Dalla sofferenza al benessere psichico, prendiamo in cura persone non patologie
La storia è delineata dagli estremi, dalle pareti che contengono il campo entro cui ciò che osserviamo accade. Così la storia dell’assistenza a chi soffre nell’animo si caratterizza per istanze contrapposte che si fronteggiano: biologismo versus psicologismo; patologizzazione versus negazione assoluta della patologia psichica; terapia scientifiche versus terapie alternative; coercizione alle cure versus assoluta libertà di scelta della cura.
In queste prese di posizione, che sempre più frequentemente caratterizzano il comune operare degli operatori della salute mentale, si rischia di perdere di vista l’oggetto del nostro operare: l’uomo.
Lontani da considerare l’Uomo come una monade isolata dall’esterno e dipendente unicamente dai propri neurotrasmettitori, occorre non cadere nell’eccesso opposto che considera l’Uomo unicamente come elemento di une rete di relazioni.

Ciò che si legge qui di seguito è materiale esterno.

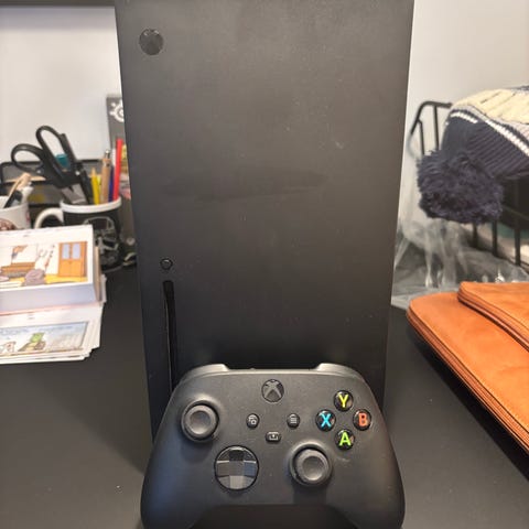 Xbox Series X 1 TB sort, brugt minimalt da min søn ikke er til gaming. Der medfølger original controller, gaming tastatur samt mus.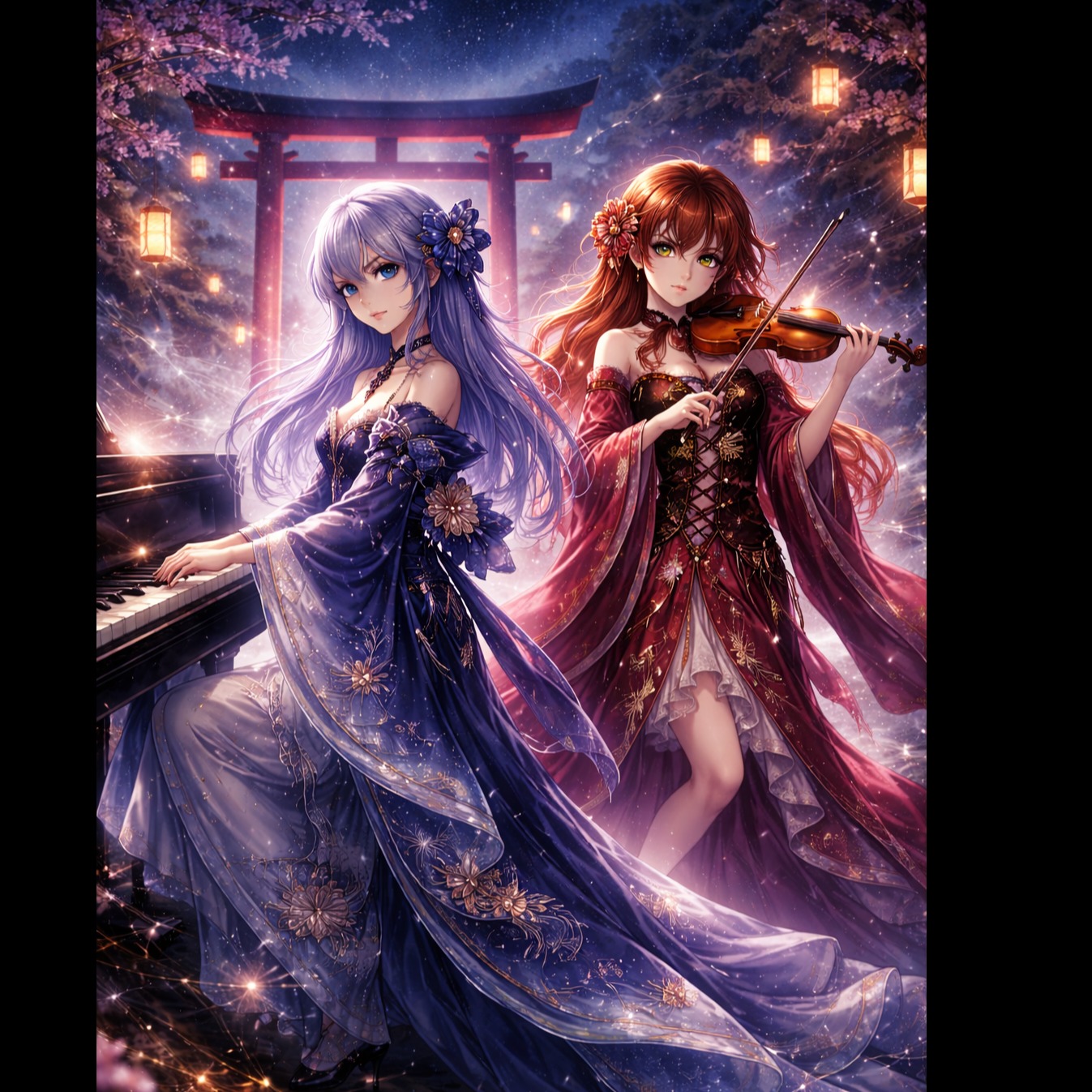 Piano and violin concerto, music of the new era, exciting from start to finish, melodic, powerful kick drums, techno, Intense performance, Passionate Feelings

L’Uomo è incarnato ed è proprio grazie a questa incarnazione che tesse relazioni che influenzano la stessa carne di cui è costituito. Nell’affiancarsi alla sofferenza psichica occorre tenere in considerazione queste complesse variabili.
La presa in carico si svolge prendendo in considerazione il ruolo svolto dai neurotrasmettitori come quello svolto dalle proprie fantasie e dall’ambiente in cui l’essere umano è inserito.